Bioinformatics - Organism query

The Organism Query tool is designed to help scrutinise taxonomic classification outputs from the CIDR metagenomics workflow. It uses a local (offline) version of NCBI BLASTn, with the full NCBI nt database to produce a report, similar to that found on the NCBI BLAST website, providing the user with a second opinion on classifications.

Technical information

  • The tool searches the classified reads for an organism indicated by the user. Selecting a subset of 10 (max) reads assigned to that taxa.
  • The reads are extracted from the FASTQ file stored in the workflow results folder and BLASTs them against the prescribed database.
  • The results are parsed in to a HTML report with an interactive plot designed to help the user explore the different metrics of alignment.
  • A full BLAST alignment report is available at the bottom of the HTML report.
  • The report is stored in the reports/{sample_id}/organism_query_XXX folder, with the other PDF reports from the metagenomics run.
  • In the report folder is the BLAST HTML report and the subsetted FASTQ and FASTA reads.

Info

The most thorough analysis is performed using the default nt database. This usually takes ~30 minutes to generate a report.

Known issues

The interactive plot is only available immediately after running the tool, when the original Launcher window is open. Loading the query report after closing will allow you to view the BLAST alignments but not the plot section, which will display an 'Internal Server Error'.
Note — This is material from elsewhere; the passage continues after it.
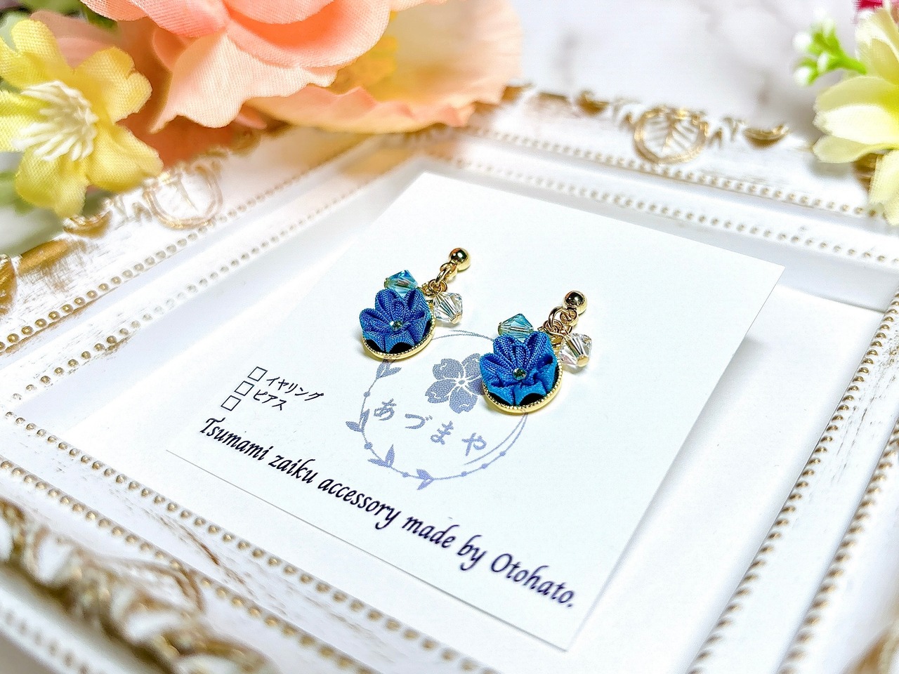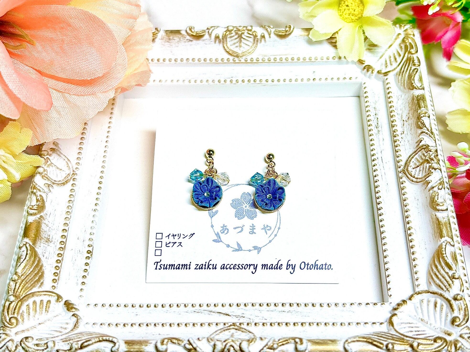 そんなつまみ細工を使用した、和装はもちろん、普段使いしやすいサイズとデザインのアクセサリーを意識して作っております。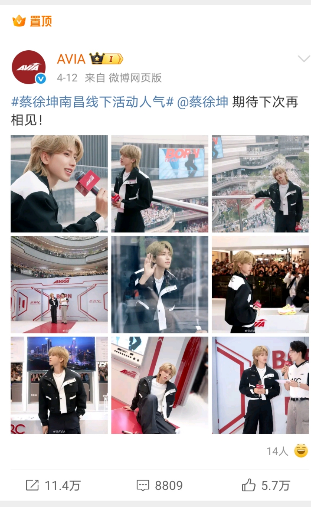 蔡徐坤的签约是AVIA中国运营方第一次吃到流量的甜头。签约蔡徐坤之前,该品牌的微博互动量常常停留在个位数甚至零评论。蔡徐坤成为AVIA全球品牌代言人后,局面瞬间逆转。粉丝带来的流量惊人:只要与蔡徐坤相关的内容均能获得至少过千评论和转发。今年4月份蔡徐坤参加AVIA线下活动的微博截至发稿前还被品牌置顶,转发过10万。如此数据表现,鼓励了AVIA签下第二位流量明星鞠婧祎。

Running queries simultaneously is currently not supported as the interactive plot function can run a single session. If two reports are opened, the incorrect plot may display on the report. This does not effect the full BLAST analysis, only the plot displayed at that time.

alt text

Launching organism query

  1. Load the PDF report from the run you'd like to query a classification from.

  2. Click on the Organism Query launcher icon on the GridION desktop.
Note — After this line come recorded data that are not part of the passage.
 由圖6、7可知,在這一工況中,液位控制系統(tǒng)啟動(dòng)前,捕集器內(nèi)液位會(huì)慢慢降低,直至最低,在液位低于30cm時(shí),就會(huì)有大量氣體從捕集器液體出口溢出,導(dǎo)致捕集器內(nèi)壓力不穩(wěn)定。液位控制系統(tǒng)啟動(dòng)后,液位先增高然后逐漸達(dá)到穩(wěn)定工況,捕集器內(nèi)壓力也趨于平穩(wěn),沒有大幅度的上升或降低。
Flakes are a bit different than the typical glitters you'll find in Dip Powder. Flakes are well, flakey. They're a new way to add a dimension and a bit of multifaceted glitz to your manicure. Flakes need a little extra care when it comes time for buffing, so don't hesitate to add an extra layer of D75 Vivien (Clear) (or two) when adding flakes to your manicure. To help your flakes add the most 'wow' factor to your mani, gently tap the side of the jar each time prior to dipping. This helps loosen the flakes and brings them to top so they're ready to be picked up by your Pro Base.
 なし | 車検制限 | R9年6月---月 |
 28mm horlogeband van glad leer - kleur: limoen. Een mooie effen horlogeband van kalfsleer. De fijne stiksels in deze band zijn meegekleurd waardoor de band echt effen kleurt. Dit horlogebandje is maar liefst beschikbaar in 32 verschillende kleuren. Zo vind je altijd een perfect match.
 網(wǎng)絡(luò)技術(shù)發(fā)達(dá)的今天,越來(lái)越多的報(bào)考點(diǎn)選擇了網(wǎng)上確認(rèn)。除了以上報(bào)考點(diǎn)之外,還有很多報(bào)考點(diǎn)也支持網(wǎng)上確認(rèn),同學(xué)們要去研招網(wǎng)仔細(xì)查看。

  3. Fill out the fields as indicated in the video below.
Parameter Description
SampleID The Lab/Sample ID assigned to the sample when launching the metagenomics workflow.
Workflow hour/interval The timepoint, corresponding to the dataset you'd like query.
Species name The name of the species to be queried eg. Aspergillus fumigatus

  1. Click on the Launch script button to start the query workflow. A Firefox browser window will appear after the workflow has finished. You can reopen the report from `reports/{sample_id}/organism_query_XXX on the metagenomics SSD.

Interpreting results

Interpreting the results can be subjective. The interactive plot has been designed to help guide decision making. Using a combination of the alignment length (relative to the read length), the identity score and the e-score can be an informative approach.
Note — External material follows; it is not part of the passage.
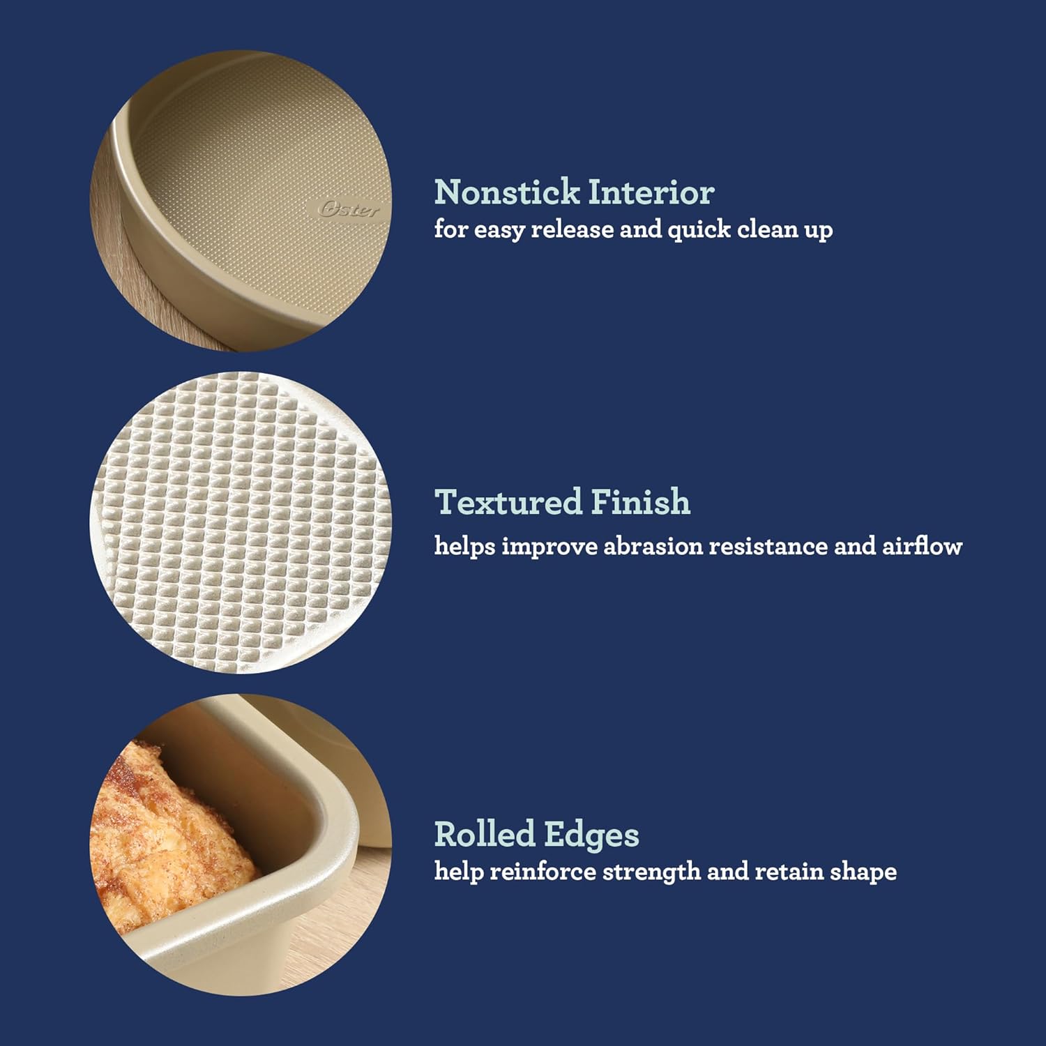 - TEXTURED FINISH: The interior also features a textured finish to help improve abrasion resistance. It protects each piece of bakeware from scratching and scraping. It also encourages better airflow to avoid overcrisping and producing burnt edges.

  • Query Coverage: Percent of the query sequence length that is included in alignments against the sequence match.
  • E-value: Indicates the number of hits or alignments that are expected to be seen by random chance with the same score or better. The lower the E-value, the more significant the alignment (the closer to 0, the better). E-value is the default metric used to sort the Descriptions table. Click here for a discussion of E-value thresholds.
  • Percent Identity: Percent of nucleotides or amino acids that are identical between the aligned query and database sequences. A query sequence can share low percent identity with a sequence and still be a significant hit. It is essential to take the E-value into account and look for similarity between conserved regions (this will be more evident at the amino acid level).

Interactive plot

In a situation where there is either no confident match or no convergence across the read subset on an organism, or a alignments indicating a number of similar, closely related organisms, the plot appears disordered in a single cluster. alt text

Situations where a convergent set of alignments are indicated results in a plot with two clusters, usually with one clear homogenous taxa. In this case, the Tobacco Mosaic virus.

alt text

BLAST alignments

Scrolling to the bottom of the report is a conventional BLAST alignment. We recommend looking at each read, the Length (query readlength), the Score and Identities values.

  • If only a small alignment (80 bp) has been made from a long 2000 bp read, this is not likely to be a robust estimation.
  • Check the alignment visualisation for long repeats, regions of low complexity etc. These regions often confound BLAST and taxonomic classification tools.